(Records contained in a dataset)
*** Block opens ***

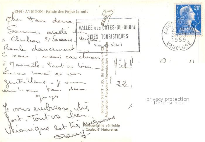 13520524 carte postale Avignon Vaucluse Palais des Papes Nacht postalisch gelaufen Erhaltung siehe scans [KathaD81] KatCode: 11170084284007
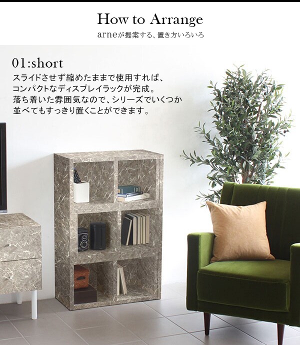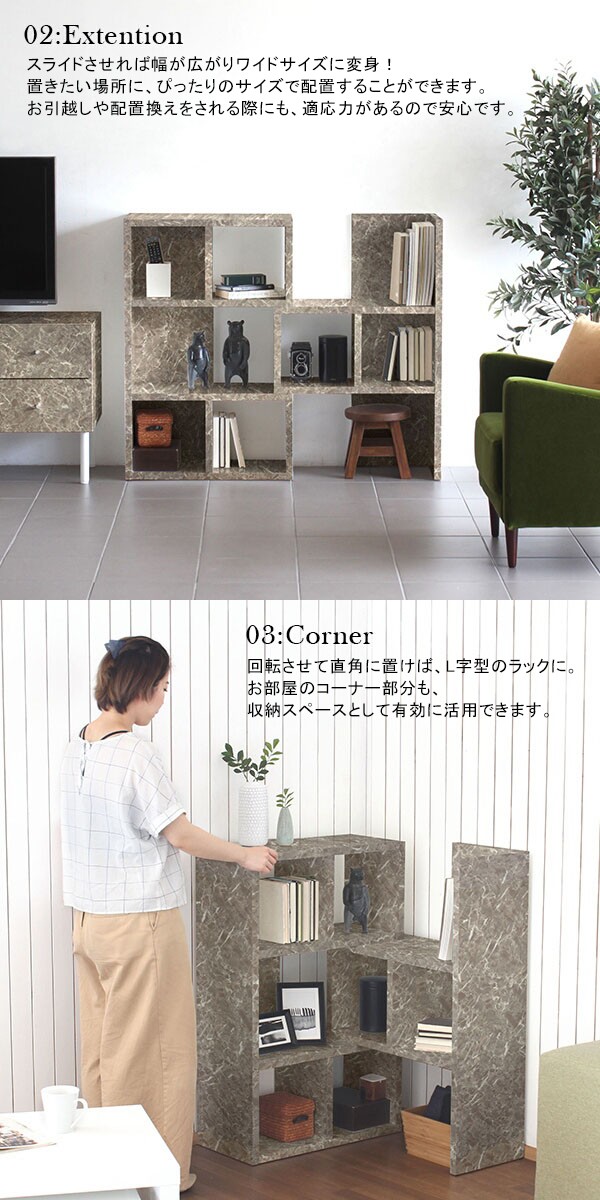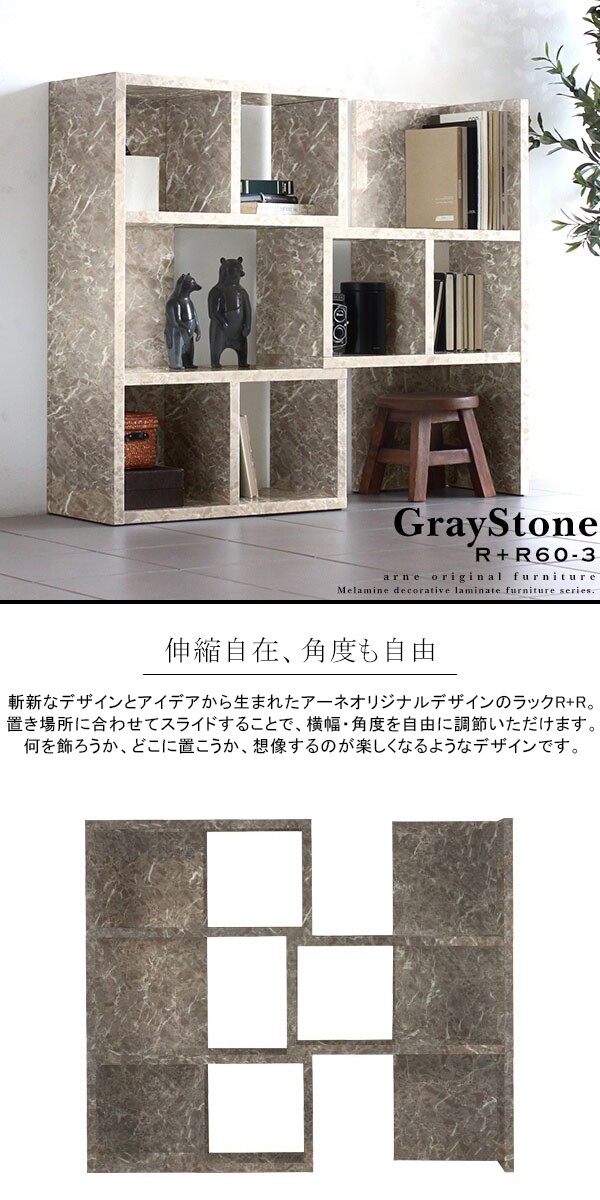 オープンシェルフ 3段 おしゃれ オープンラック コーナーラック 伸縮ラック 大理石風 モダン graystone R+R 60-3 ☆
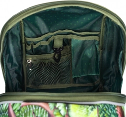 Den indvendige organisator hjælper med jævn vægtfordeling. Side lommer af stærkt net er ideelle til en drikkeflaske. Den faste bund holder formen og tillader rygsækken at stå selv.
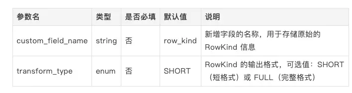 指定新增字段的名稱,該字段用於存儲原始的 RowKind 信息。
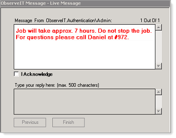 Users must acknowledge the message(s) they receive. This acknowledgment is recorded in the ITM On-Prem (ObserveIT) console, and can be used as proof that the user(s) have indeed been warned about a specific task, and that they understood and accepted the message.
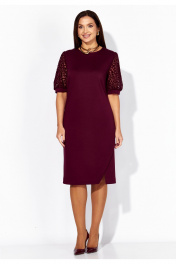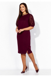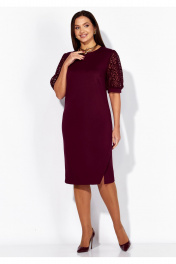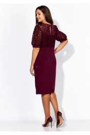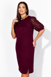 Платье женское, полуприлегающего силуэта с коротким рукавом. Рукав типа "фонарик" со сборкой сверху и снизу. По низу притачная манжета. По переду нагрудные вытачки. Горловина круглой формы. По низу асимметричная, отлетная планка с разрезом и декоративная нашивка. По спинке средний шов с разрезом снизу и талевые вытачки. Горизонтальный подрез выше линии талии. Верхняя часть спинки и рукав выполнены из ткани сетка с флоковым нанесением. Застежка на потайную "молнию"
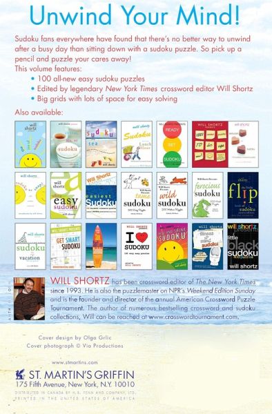 Many solvers love sudoku not just for the intellectual challenge or the sheer fun of solving, but because sudoku puzzles help them attain an almost Zen-like state of mental relaxation. Sudoku, to put it simply, help solvers get in the zone. Features: · 100 all-new easy puzzles · Edited by legendary New York Times crossword editor Will Shortz · Big grids with lots of space for easy solving
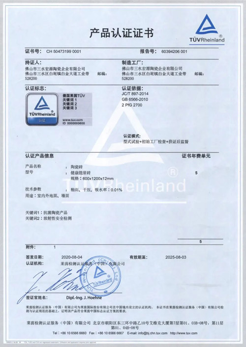 ▲ 德国莱茵TüV“抗菌陶瓷制品认证证书

*** Block closes ***

# Exercise objective
Once the pictures are set aside, repeat the remaining data word for word.

# Result
 13520524 carte postale Avignon Vaucluse Palais des Papes Nacht postalisch gelaufen Erhaltung siehe scans [KathaD81] KatCode: 11170084284007
 オープンシェルフ 3段 おしゃれ オープンラック コーナーラック 伸縮ラック 大理石風 モダン graystone R+R 60-3 ☆
 Den indvendige organisator hjælper med jævn vægtfordeling. Side lommer af stærkt net er ideelle til en drikkeflaske. Den faste bund holder formen og tillader rygsækken at stå selv.
 指定新增字段的名稱,該字段用於存儲原始的 RowKind 信息。
 Users must acknowledge the message(s) they receive. This acknowledgment is recorded in the ITM On-Prem (ObserveIT) console, and can be used as proof that the user(s) have indeed been warned about a specific task, and that they understood and accepted the message.
 Платье женское, полуприлегающего силуэта с коротким рукавом. Рукав типа "фонарик" со сборкой сверху и снизу. По низу притачная манжета. По переду нагрудные вытачки. Горловина круглой формы. По низу асимметричная, отлетная планка с разрезом и декоративная нашивка. По спинке средний шов с разрезом снизу и талевые вытачки. Горизонтальный подрез выше линии талии. Верхняя часть спинки и рукав выполнены из ткани сетка с флоковым нанесением. Застежка на потайную "молнию"
 Many solvers love sudoku not just for the intellectual challenge or the sheer fun of solving, but because sudoku puzzles help them attain an almost Zen-like state of mental relaxation. Sudoku, to put it simply, help solvers get in the zone. Features: · 100 all-new easy puzzles · Edited by legendary New York Times crossword editor Will Shortz · Big grids with lots of space for easy solving
 ▲ 德国莱茵TüV“抗菌陶瓷制品认证证书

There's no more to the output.